Imagine a car for drivers with no track experience that accelerates past 200 mph faster than a Formula 1 race car. Expensive and not allowed on public roads, the Bugatti Bolide is the ultimate fantasy car. The Bolide doesn’t appear to be the V16-powered hypercar in development that Bugatti teased earlier this year because it will build on the brand’s proven 1,600 metric horsepower 8.0-liter W16 turbocharged engine.
Also, despite having antilock braking system (ABS) brakes, electronic stability programming (ESP), and road-car niceties not typically found on race cars, the Bolide won’t have a future street-legal incarnation. According to Bugatti, “… the Bolide represents a departure from the norm, a shift towards a completely different realm of driving that Bugatti hasn’t yet explored in its modern-day history.”
That statement begs a look at the company’s earlier history when, 100 years ago, it designed and engineered the Bugatti Type 35 solely for track performance.
Why an approachable track-only hypercar matters
Bugatti’s modern hypercars, such as the world speed record-shattering Chiron Super Sport 300 Coupe, Veyron Super Sport, and Bugatti W16 Mistral, were conceived as supreme road cars, extremely fast, engineered and designed to the utmost tolerances, and priced for fractional one-percenters. The Bolide’s departure may instead be a return.
We can look to the words in the Bolide news release for clues about Bugatti’s intentions. Press releases worldwide are recognized for their glorification and statements of promise. But, if we toss out those filters and take Bugatti’s statements about the Bolide at face value, what the company says is similar to the historic purpose of the 1924 Bugatti Type 35.
The Bugatti Bolide: for the track and only the track
Two themes emerge from the Bolide announcement: accessibility and dominance.

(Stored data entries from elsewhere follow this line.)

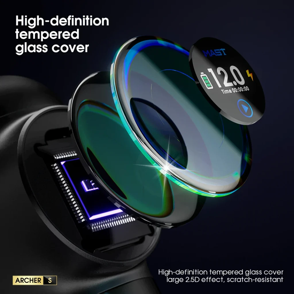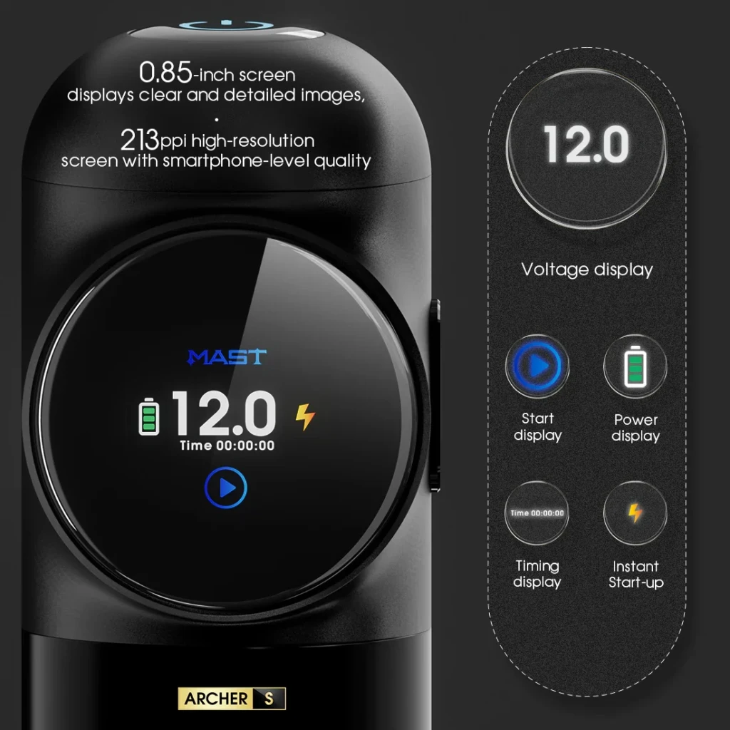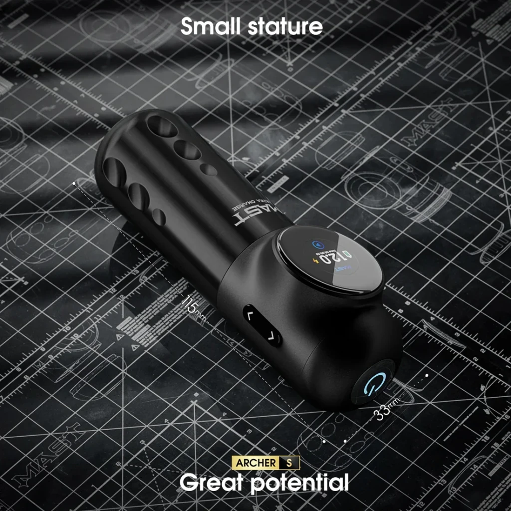 Mast Archer S Purple & Black Kablosuz Dövme Makinesi, 4.2 mm stroke uzunluğu ve yüksek devirli fırçasız motoru ile profesyonel kullanım için tasarlanmış kablosuz pen dövme makinesidir. Kompakt gövde yapısı ve çıkarılabilir batarya modülü ile uzun seans planlamalarına uygundur.
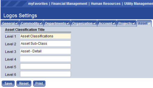 The names of the organization’s Asset Classification levels are defined in New World ERP Settings on the Asset tab.
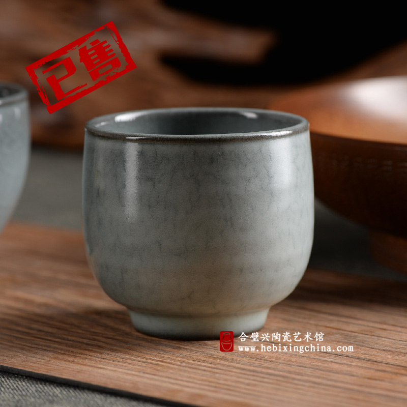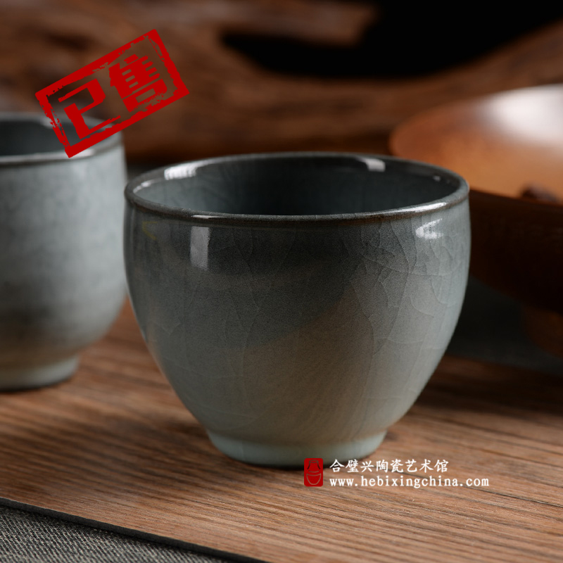 他的作品干净而内敛。在作品釉色处理上,他喜欢将青釉与灰釉混搭,这有别于传统龙泉青瓷所呈现出的单色釉效果。梅子青釉,温润莹澈,似水;灰釉在色泽上呈现出土黄色,质朴沉稳,如土。一青一黄,一水一土,巧妙布局,给人带来视觉上的冲击感,也带来了一种源自大自然的感触。

“Yet, the Bolide isn’t just about blistering lap times, it is also about accessibility.” – from the Bolide news release
“Everything about the car is completely different from what I have driven before. All cars are difficult to drive at their limit, but even at the limits of its capabilities, the Bugatti Bolide remains remarkably easy to drive… Even I found myself in a state of disbelief after my initial stint driving the Bolide.” – Andy Wallace, Bugatti Official Driver
“Not just focused on speed, each and every aspect is finely tuned for circuit dominance.” – Bolide news release
“In essence, the Bolide is a master in the art of the track.” – Bolide news release
In another 100 years, Bugatti may do it again
Hypercars driven on public roads are inspired by race cars. With the Bolide, Bugatti appears to have flipped that model around: it’s a race car inspired by road
Why can’t drivers be comfortable on the track? Stripping cars of non-essentials and creature comforts made sense when power was scarce. When there’s so much power available that aerodynamics serve to control it, adding back human comfort factors makes sense. Why should drivers suffer unnecessarily on the track?
Watch a few F1 Grand Prix races to learn that most crashes occur around corners. Bugatti stresses that in developing the Bolide, cornering, braking, and traction were more important than top speed.
If the 1924 Bugatti Type 35 track-only car was the model for every Bugatti in the past 100 years, perhaps the 2024 Bugatti Bolide is the model for the next century. One way to test this theory is to check back in 2124 to see if Bugatti designs and engineers another track-only car.